Increased ethanol production has led to increased availability of distillers grains. Further increases in the supply of distillers grains could reduce the price we will be able to charge for our distillers grains. This could have a negative impact on our revenues.
Trends and Uncertainties Impacting the Corn and Natural Gas Markets and Our Future Cost of Goods Sold
We expect our future cost of goods sold will consist primarily of the costs relating to the corn and natural gas supplies. During the three months ended September 30, 2008, the price of corn changed significantly. The corn price peaked at the end of June and early July, likely due to the flooding in the Midwestern states, but the price has since decreased dramatically. We expect continued volatility as a result of increased domestic and foreign demand for corn and the total amount of corn produced in the 2008/2009 crop year. As of October 15, 2008, the USDA projected that estimated corn prices for the 2008/2009 crop year will be between $4.20 and $5.20 per bushel. The USDA estimates that corn production for the 2008/2009 crop year will be the second largest on record behind last year’s crop. However, despite the large crop, increased corn consumption may continue to increase the price of corn and may more than offset such large corn production.

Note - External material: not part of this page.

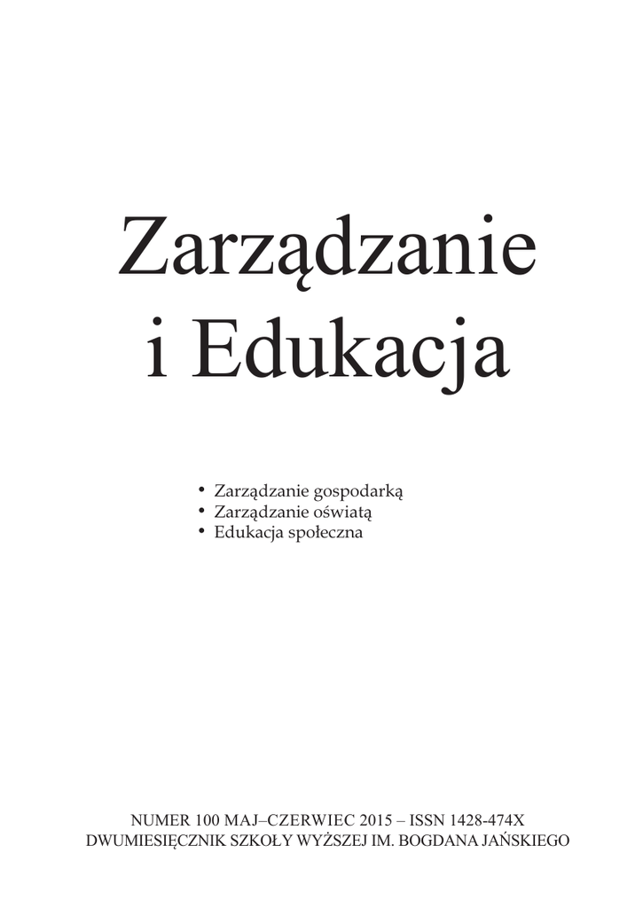 Zarządzanie i Edukacja • Zarządzanie gospodarką • Zarządzanie oświatą • Edukacja społeczna NUMER 100 MAJ–CZERWIEC 2015 – ISSN 1428-474X DWUMIESIĘCZNIK SZKOŁY WYŻSZEJ IM. BOGDANA JAŃSKIEGO 2 Adres redakcji Dwumiesiêcznik „Zarz¹dzanie i Edukacja” ul. Elektronowa 2, 03-219 Warszawa tel./fax (22) 676-94-85 e-mail: [email protected] Redaktor naczelny Dr Mariusz Szajda, Szko³a Wy¿sza im. Bogdana Janskiego Rada naukowa dwumiesiêcznika „Zarz¹dzanie i Edukacja” Dr hab. W³odzimierz Bernacki, prof. UJ; prof. dr hab. Miros³awa Czerny, UW; doc. PaedDr. Tomáš Jablonský PhD. prof. KU, v Ružomberku, prof. dr hab. Wo³odymyr Jewtuch, Ukraiñska Akademia Nauk; prof. dr hab. Romuald Joñczy, UE we Wroc³awiu; ks. dr hab. Jan Krokos, prof. UKSW; prof. dr hab. Ihor Hrabynskyi, Narodowy Uniwersytet Lwowski; Dr Marcin Kazimierczak, Uniwersytet Abat Oliba CEU, Barcelona; prof. dr. hab. Anatolij M. Ko³ot Kijowski Narodowy Uniwersytet Ekonomiczny; prof. dr hab. W³odzimierz Kurek, UJ; dr in¿. El¿bieta Kopciuszewska SWBJ w Warszawie; prof. dr hab. Bo¿ena Muchacka, UP w Krakowie; prof. dr hab. Jan Oleszczuk, UM w Lublinie; prof. dr hab. Marek Pawlak, KUL; prof. dr hab. Wanda Rusiecka, National Academy of Sciences of Belarus; dr hab. Gra¿yna Sk¹pska prof. UJ, dr hab. Dr.h.c. prof. PhDr. Vojtech Slomski, PhD. ISM Slovakia v Prešove; dr n. med. S³awomir Stawicki, Wojciech Sroczyñski, prof. UPH Redaktor tematyczny Dr Ma³gorzata Stawicka Redaktor statystyczny Dr in¿. Pawe³ Kopciuszewski Redaktor jêzykowy Dr Jerzy Ryszard Suchocki, prof. Universidad de las Américas Puebla (UDLAP) Sekretarz redakcji dr Anna Janus (tel. 606 487 769) [email protected] Korekta dr Anna Janus Wszystkie artyku³y s¹ recenzowane Recenzenci prof. dr hab. Jewgienij M. Babosow (Narodowa Akademia Nauk Bia³orusi); dr.h.c. doc. PhDr. Pavel Czarnecki (ISM Slovakia v Prešove); dr in¿. Jerzy Donarski (SWBJ w Warszawie); dr hab. £ukasz Pop³awski (UR w Krakowie); prof. dr hab. Jerzy Kosiewicz (AWF w Warszawie); dr S³awomir Stawicki (Akademia Medyczna w Warszawie); prof. dr hab. Micha³ Troszyñski (PAN); ks. prof. dr hab. Stanis³aw Urbañski (UKSW w Warszawie); dr hab. Grzegorz Wejman, prof. US Redakcja zastrzega sobie prawo dokonywania w publikowanych tekstach skrótów i zmian ISSN 1428-474X wersja referencyjna czasopisma: papierowa papierowa numer dostêpny w wersji elektronicznej na stronie www.janski.edu.pl Sk³ad, korekta, druk i oprawa: Oficyna Wydawniczo-Poligraficzna „Adam” Szanowni Państwo, wydanie setnego numeru Zarządzania i Edukacji jest dobrą okazją, by wyrazić wdzięczność Twórcom czasopisma i spojrzeć z perspektywy minionych lat na bogactwo treści prezentowanych w nim artykułów. Wiele z tych tekstów pozostanie nie tylko w historii nauki polskiej, ale zapewne także w żywej pamięci Czytelników, czyli takiej, która utrwala znaczące doświadczenia intelektualne i duchowe. Inspiracją do utworzenia dwumiesięcznika był proces realizacji szeregu zadań, wynikających z wprowadzania zmian jakościowych, związanych z intencją Założyciela Szkoły Wyższej im. Bogdana Jańskiego – Księdza Mariana Piwko: kształcenia liderów społecznych i gospodarczych na fundamencie nauki społecznej Kościoła. Stąd od pierwszego numeru czasopismo w kompleksowy sposób porusza problematykę związaną z metodami, narzędziami i technikami wspomagającymi efektywne, wieloaspektowe zarządzanie oraz szeroko ujętą problematykę nauk pedagogicznych i społecznych. Radością i satysfakcją był dla nas każdy pozytywny sygnał mówiący o potrzebie istnienia naszego czasopisma – zwłaszcza od roku 2011, kiedy udało nam się zdobyć eksponowaną pozycję na ministerialnej liście czasopism punktowanych. W tym miejscu, pragnę podziękować wszystkim osobom zaangażowanym w przygotowywanie kolejnych numerów czasopisma za ich oddanie, rzetelność, odpowiedzialność, inicjatywę oraz szerokie spektrum wiedzy. Dziękuję za dotychczasową współpracę, znakomite relacje, a przede wszystkim za okazaną życzliwość i przyjazną atmosferę naszych kontaktów. Żaden numer nie po- wstałby bez współpracy, wsparcia i pomocy wielu osób. Dlatego przede wszystkim Autorom – wyrażam słowa uznania za twórczy wkład, za sumienność, zaangażowanie i zaufanie, którym naszą redakcję obdarzyli. W sposób szczególny dziękuję za trud i konsekwencję tym, którzy z nami współpracują od wielu lat i współtworzą wizerunek naszego czasopisma, systematycznie przekazując nam swoje materiały naukowe; Recenzentom – dziękuję za podjęty trud opiniowania, cenne sugestie i wnikliwe spostrzeżenia, uwagi, rady i życzliwe wsparcie merytoryczne, umożliwiające udoskonalenie publikowanych w Zarządzaniu i Edukacji artykułów; licznym Czytelnikom – dziękuję za niesłabnące zainteresowanie, które pozwala nam wierzyć w sens tworzenia naszego dwumiesięcznika. Wyrażam również nadzieję na kontynuowanie współpracy – jesteśmy otwarci na Państwa nowe pomysły, uwagi i z chęcią przyjmiemy sugestie dotyczące tematów kolejnych numerów. Obecnym i przyszłym Autorom życzę niegasnącej, twórczej motywacji, będącej głosem wołającym dalej, ku temu co lepsze, ku rozwojowi, ku światłości. Odkrywania w sobie nowych pomysłów, nowych sił, celów, aspiracji oraz ich pomyślnego i wytrwałego realizowania. Wierzę, że nasza współpraca będzie owocna w nadchodzących latach. Redaktor Naczelny – Ks. Dr Mariusz Szajda SPIS TREŚCI Zarządzanie gospodarką Leszek Kędzierski Czas w działalności gospodarczej przedsiębiorstwa . . . . . . 7 Sabina Bartosewicz The ability to proper management of waste administration in actual polish, european and world conditions . . . . . . . . . 27 Sabina Bartosewicz Umiejętność prawidłowego zarządzania gospodarowaniem odpadami w aktualnych polskich, europejskich i światowych warunkach . . . . . . . . . . . . . . . .

Natural gas will also be an important input commodity to our manufacturing process. We estimate that our natural gas usage will be approximately 10% to 15% of our annual total production cost. We will use natural gas to power our production plant, as well as to dry our distillers grain products to a moisture content at which they can be stored for longer periods of time. Natural gas prices increased slightly due to production disruptions from hurricane activity in the Gulf Coast region. However, the increases have not risen to the levels following Hurricanes Katrina and Rita, which could be a result of a slowing economy combined with an increase of domestic production of natural gas. Any increases in the price of natural gas will increase our cost of production and may negatively impact our future profit margins.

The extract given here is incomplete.